“It’s not cancer.”
These words are spoken to me by my (very) handsome surgeon as I’m still emerging from an anesthesia haze in the recovery room after emergency surgery.
“Okay… That’s good,” I say, never really thinking that it was going to be. This was a bit of an anomaly for me because I always assumed that anytime I felt something unusual going on in my body that I did indeed have cancer, but for some reason this time it hadn’t crossed my mind.

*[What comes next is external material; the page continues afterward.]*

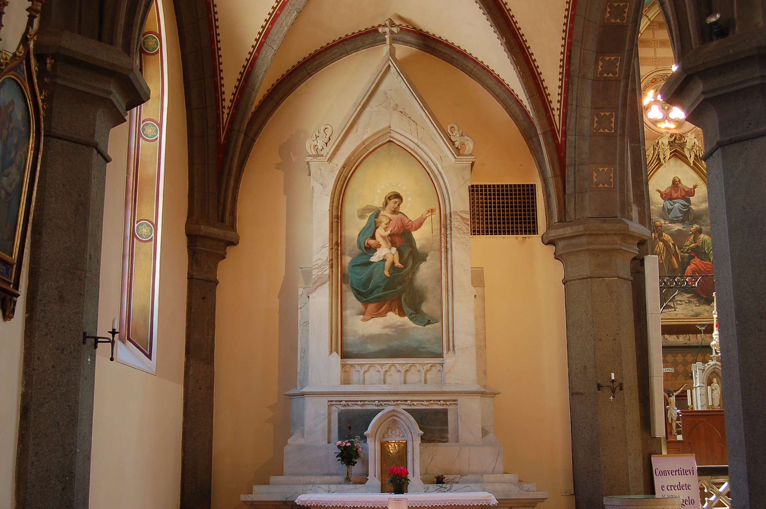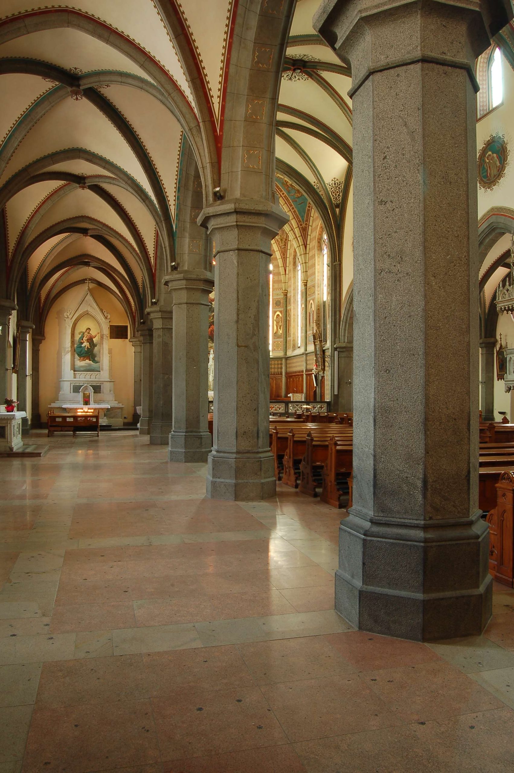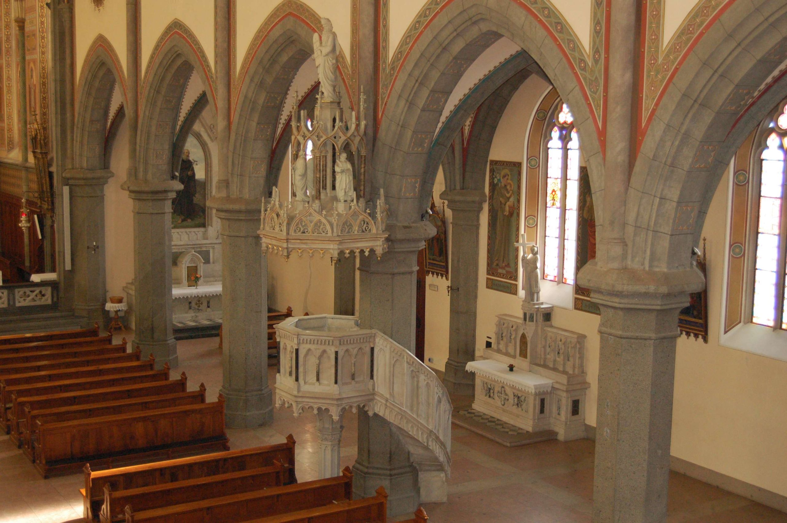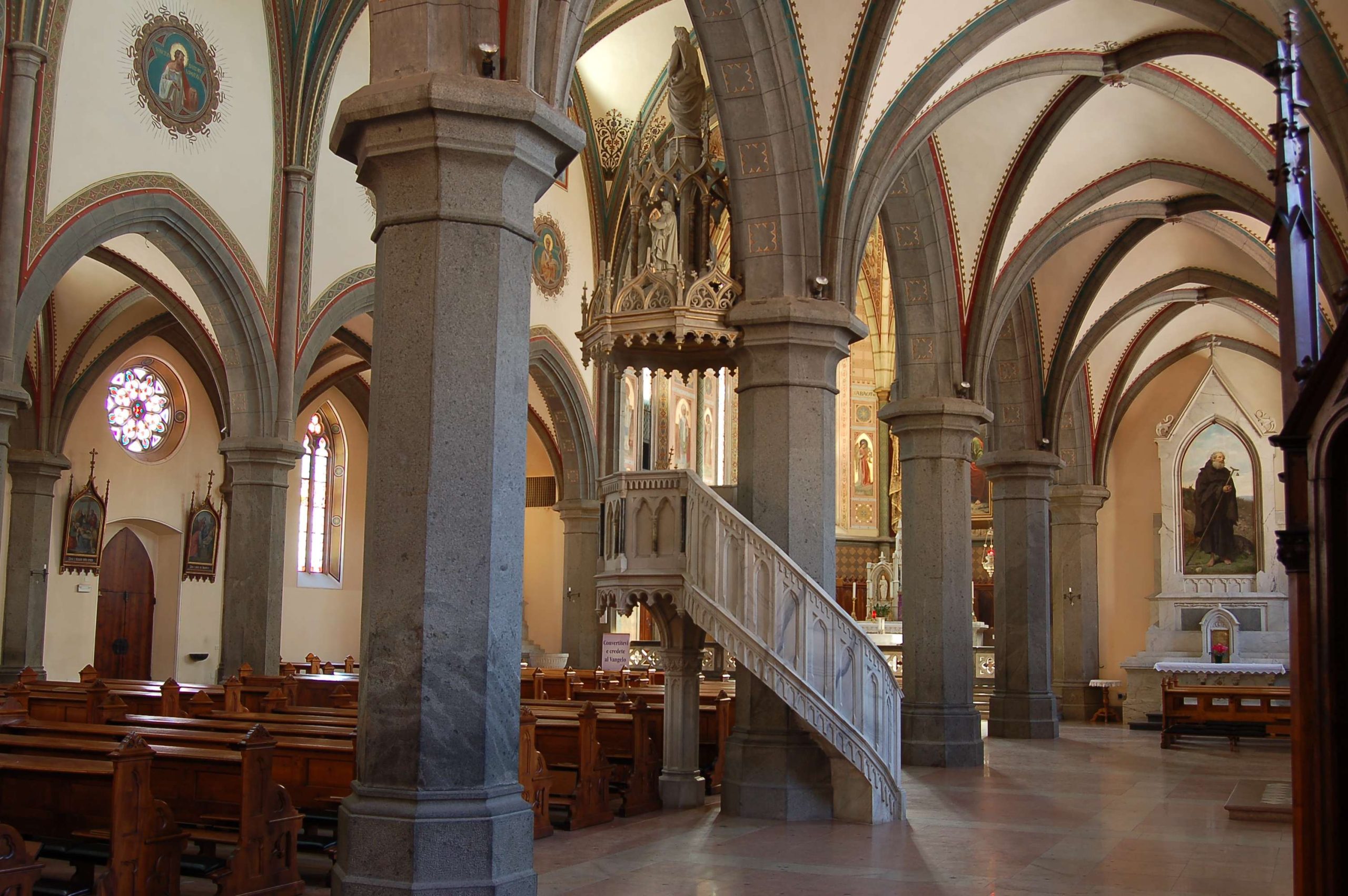 La chiesa ha una facciata a salienti con corpo centrale eminente, tripartito da contrafforti in pietra a vista; nel settore centrale si dispongono in asse il portale maggiore a sesto acuto, tre nicchie abitate da statue e un’ampia trifora gotica. I corpi laterali, arretrati, presentano ciascuno un portale a luce ogivale sormontato da un rosone a dodici lobi. Alla sommità della facciata si innesta la torre campanaria, caratterizzata da contrafforti angolari, la cui cella è forata da ampie bifore archiacute cimate da quadranti di orologio. La cuspide ottagonale in muratura presenta quattro timpani cimati da vasi acroteriali, forati da bifore; la decorazione è completata da pinnacoli disposti in angolo. Le fiancate a gradoni, articolate simmetricamente, sono ritmate su entrambi i livelli da contrafforti in pietra a vista, tra i quali si aprono bifore (livello inferiore) e monofore (livello superiore) archiacute. Due accessi laterali sormontati da rosoni si dispongono in corrispondenza della quinta campata. La successione dei contrafforti continua sul corpo del presbiterio/abside, ai lati del quale emergono le strutture della sacrestia e di un ambiente adibito a deposito. L’interno si sviluppa a tre navate di sei campate, ripartite da arcate a sesto acuto poggianti su pilastri ottagonali e voltate a crociera a costoloni. Il presbiterio, rialzato su quattro gradini e delimitato da una balaustra neogotica, è introdotto dall’arco santo archiacuto e si conclude in un’abside poligonale.

Several months ago after experiencing some intense stomach pain I went to my PCP who thumped on my distended abdomen for less than 30-seconds, told me to go buy some laxative and sent me on my way. Five hours later I found myself in an emergency room where after a Cat Scan I was descended upon by two medical staff, had a tube jammed down my nose and into my stomach and was told that essentially, something was strangling my small intestine and I needed to be admitted.
Other than having my daughter sixteen years ago I had never been hospitalized for anything and everything happened so quickly that it was hard to process the flurry of activity– the IVs, the vitals being taken every four hours, the administering of medication and the monitoring of the stuff that nobody should ever have to see that was being extracted from my stomach via the tube. I vomited repeatedly, something I haven’t done in 27 YEARS and that was more traumatic than any other part of this frenzied scenario.
I became this pliable mass, being formed and shaped into machines, onto cold metal slabs of tables where robotic-like arms took more 360-degree images of my abdomen. I just did what I was told– let them attach stuff to me, insert more unknown liquids into my IV and accepted the Ativan that was offered to me every once in a while. I’ve never felt more at the mercy of anything in my life. It was the ultimate of relinquishing control.
I was naïve enough the next morning to ask during the 6:00 am rounds if I would be able to go home that day. The doctor and surgeon, without having to say the words, basically let me know that that wouldn’t be happening. When I begged to have the tube removed just for a little while, and immediately vomited rather violently the surgeon dashed out of the room and came back within ten minutes to tell me that he had put me on the schedule for surgery the following morning. So, clearly, I wasn’t going home any time soon.
The surgeon presented a few different scenarios but never once mentioned cancer, and neither did I. The procedure went off without a hitch, taking less than 45-minutes from beginning to end. An errant band of tissue left over from laparoscopic day surgery in my twenties was causing a blockage and apparently with just one or two snips, the problem was solved and I was released the following day.
Ten days later at my follow-up with the surgeon I reminded him of those first words he said to me in the recovery room.
“I think I said it more for myself,” he said.
“Why, did you really think you were going to find cancer?” I asked.
He hesitated before saying, “Yes. I thought it was a good possibility.”
As part of their jobs doctors have to keep their patients from panicking. If he had told me of his suspicions before the surgery I would have completely crumbled. I didn’t blame him for being honest with me but for the rest of that day I was thrown off, questioning my mortality, so when about 3 weeks later, there were some unusual things going on with my entire digestive system I was certain beyond a shadow of a doubt, that this time, I indeed had cancer.
I Googled every symptom I had, endless amounts of time a day, and the top three were all signs of cancer. I scoured copies of my x-rays and Cat Scan results from the days in the hospital, using the internet as my medical dictionary. No matter how many times I read the words “normal” and “unremarkabIe” I was still convinced that my surgeon had missed something, that malignant cells were somehow hiding in the places that weren’t visible during surgery. Based on the things I read I staged my own cancer and read articles on how to tell my teenager that I was going to die. I did this for three weeks, the earliest I’d be able to see a doctor to get seen.
I didn’t and don’t have cancer. After I saw my doctor and he confirmed it for me, my symptoms immediately disappeared, but the relentless reminder of my age and mortality has stayed with me. I’m 53 and other than needing to lose about 15 pounds, I’m in perfect health. As I age, cancer will always be a possibility and I know myself well enough that I won’t stop Googling every strange and new symptom that comes along, and that I will always pray to hear the words, “It’s not cancer.”